Don't worry though, there's loads and loads of sex in Glue anyway. ;)

alsieboo 27-01-2005 14:38:09

that'll make it all worth while then :p

Funkodrom 27-01-2005 14:43:10

That's why you're so eager to get onto Porno right? :cute:

alsieboo 27-01-2005 14:47:30

of course, not because I'd heard it was supposed to be good and I thought it was about time I got around to reading something other than my usual

Funkodrom 27-01-2005 14:48:39

I knew it.

You don't have to read Glue first if you don't want to.

alsieboo 27-01-2005 15:15:03

there was me thinking that I had no choice in the matter

Funkodrom 27-01-2005 15:21:21

Glad I could help.

fp 27-01-2005 17:37:36

I might read Glue now. Had never heard of it before.

alsieboo 28-01-2005 01:21:56

he does have his uses then, I'd always wondered

Funkodrom 28-01-2005 09:25:20


Originally posted by fp
I might read Glue now. Had never heard of it before.
It's good.

sleeping_satsuma 28-01-2005 19:30:09


Originally posted by Funkodrom
I don't get that at all, it's not that hard to work out. I didn't need a translator and I've never even been to Scotland.

After about 20 pages I could read it almost as fast as if it was in non-dialect English.

This was before the film came out and Scotland was suddenly cool :)

sleeping_satsuma 28-01-2005 19:31:12

Is there really a girl from reading in Glue?
We read a book in my work book group and we discovered it had our company in it- that was weird!

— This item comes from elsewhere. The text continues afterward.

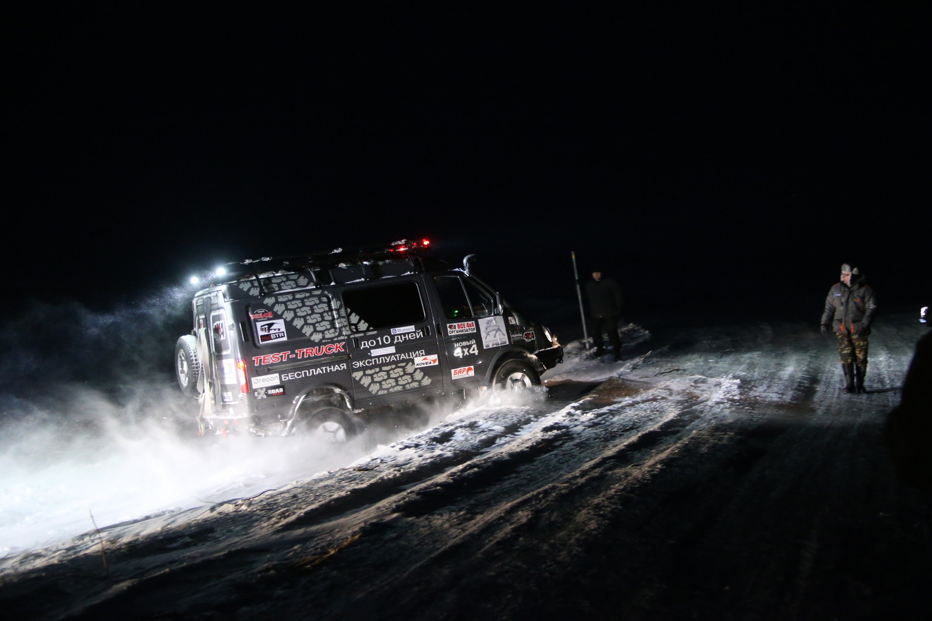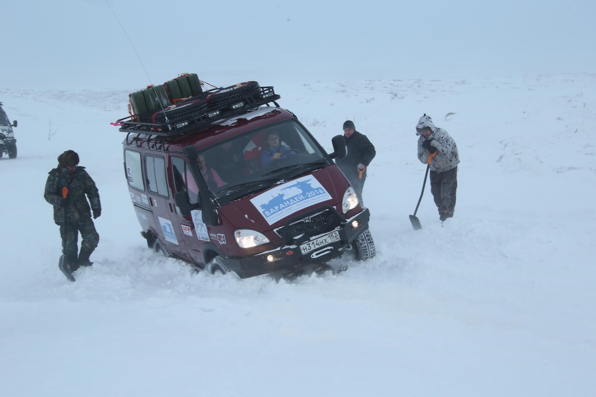 Я была поражена, как едет Петр Груздев – он накатывается, прямо наползает, наваливается на снег, без пробуксовки. И сразу назад, и опять вперед. Мне на дизеле ехать удобнее, чем ему на бензиновом Соболе – хорошая тяга снизу. Безусловно, все наше рубилово по снегу проходило на понижайке и с включенными обеими блокировками ( стояла дополнительная блокировка Eaton спереди).

sleeping_satsuma 30-01-2005 19:19:12

Northern Lights has ecome margially more interesting as she has now learned to read the alethiometer (just).

Has anyone else noticed the use of pagan imagery and symbols used in this book? I don't know whether thats intentional, or whether its just another thing he's setting up to take down later, but I always thought these books were anti-religion/belief systems? Maybe he did it unintentionally, I guess I'll find out...

Immortal Wombat 30-01-2005 20:45:54

They're anti-dogma and anti-organised religion I think. Pagan symbology might just be in there as a subtle nod to spirituality based around a less rigid doctrine.

fp 30-01-2005 20:58:55

I dunno, if you sacrifice your goat with a jade knife in the centre of the circle of stones at sunset while wearing the skin of bear the day AFTER the solstice then those Elder Druids will go fucking apeshit.

sleeping_satsuma 30-01-2005 23:13:27

true IW- it does seem like the pagan Narnia so far :)

Mr. Bas 31-01-2005 13:30:19

Just finished "De man die werk vond" by Herman Brusselmans. It manages to be both funny and depressing at the same time, I'd recommend it but I guess it's not available in English. Much of his humour wouldn't translate either I suppose.

Funkodrom 31-01-2005 13:35:49


Originally posted by sleeping_satsuma
Northern Lights has ecome margially more interesting as she has now learned to read the alethiometer (just).

Has anyone else noticed the use of pagan imagery and symbols used in this book? I don't know whether thats intentional, or whether its just another thing he's setting up to take down later, but I always thought these books were anti-religion/belief systems? Maybe he did it unintentionally, I guess I'll find out...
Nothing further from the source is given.